Digital Conversations

Wednesday, October 12

Mutli-Disciplinarity or Fragmented Community
The debate that has been occuring in the field of game studies since perhaps its beginning, the question has become a personal one over the last few months. A recent conversation with a colleague has brought to my attention, the problem that the multi-discplinarity of game studies faces. I am, by departmental affiliation, a sociologist. My colleague is working in semiotics. I have successfully meshed theoretical frameworks from both disciplines in the past with another colleague. Yet, this time around, the critique of my work stemmed not from my ideas, but my methodological presentation. For my colleague, who is used to a different arguement structure, felt that my paper was weak for the structure I had used (a common sociological presentation). I am not complaining that my paper was critiqued, and I must agree that since my paper was eventually to be reviewed by an IT department, my colleagues comments were potentially on target.

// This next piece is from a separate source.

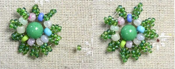 4 º, como el mismo método de un grano de semilla verde a través del cable, usted encontrará que el pétalo de la flor se hace de semilla verde siete granos ahora, continuar finalizar el resto de los pétalos;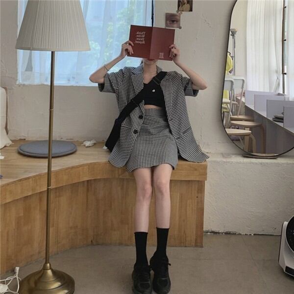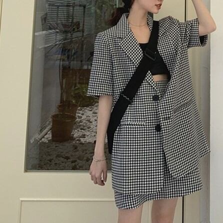 レディース セットアップ チェック柄 半袖ジャケット スカート [gg-0757]

This got me thinking about the field of game studies. Since it is still compiled of members from other disciplines - design, cinema, literature, communications, sociology, psychology and the list is probably as long as the list of academic disciplines, there is no unified lens with which to judge work coming into the field. When I submitted a paper for a past conference, one of the reviewers came from a design discipline. Although they found the topic interesting, they admitted to having had to read it more then once to get through the jargon. And I thought I was being quite general when I wrote it.

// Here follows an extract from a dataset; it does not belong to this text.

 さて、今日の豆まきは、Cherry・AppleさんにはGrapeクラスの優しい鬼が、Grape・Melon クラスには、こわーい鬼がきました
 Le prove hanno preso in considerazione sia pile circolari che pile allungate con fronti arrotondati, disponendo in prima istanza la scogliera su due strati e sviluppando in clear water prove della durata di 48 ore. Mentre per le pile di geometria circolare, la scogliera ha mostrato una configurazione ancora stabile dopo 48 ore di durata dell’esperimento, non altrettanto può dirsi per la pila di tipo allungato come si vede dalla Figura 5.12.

Another problem it causes is the 'working in a bubble' feeling that was brought up recently by another colleague. Knowing full well that my research and the theory that frames it comes out of my discipline, I sometimes get the feeling that someone, somewhere, has said the same thing using a different theoretical framework from another discipline. In this case, I admit to often feeling that game studies is merely a fragmented umbrella discipline like the "liberal arts", encompassing many other disciplines to talk about one topic from many different perspectives.

So, the question I am faced with is: Can there ever be such thing as a true field of game studies? A discipline that eventually has its own theoretical cannons that strongly stand alone beyond any other discipline? Or is it doomed to remain an umbrella?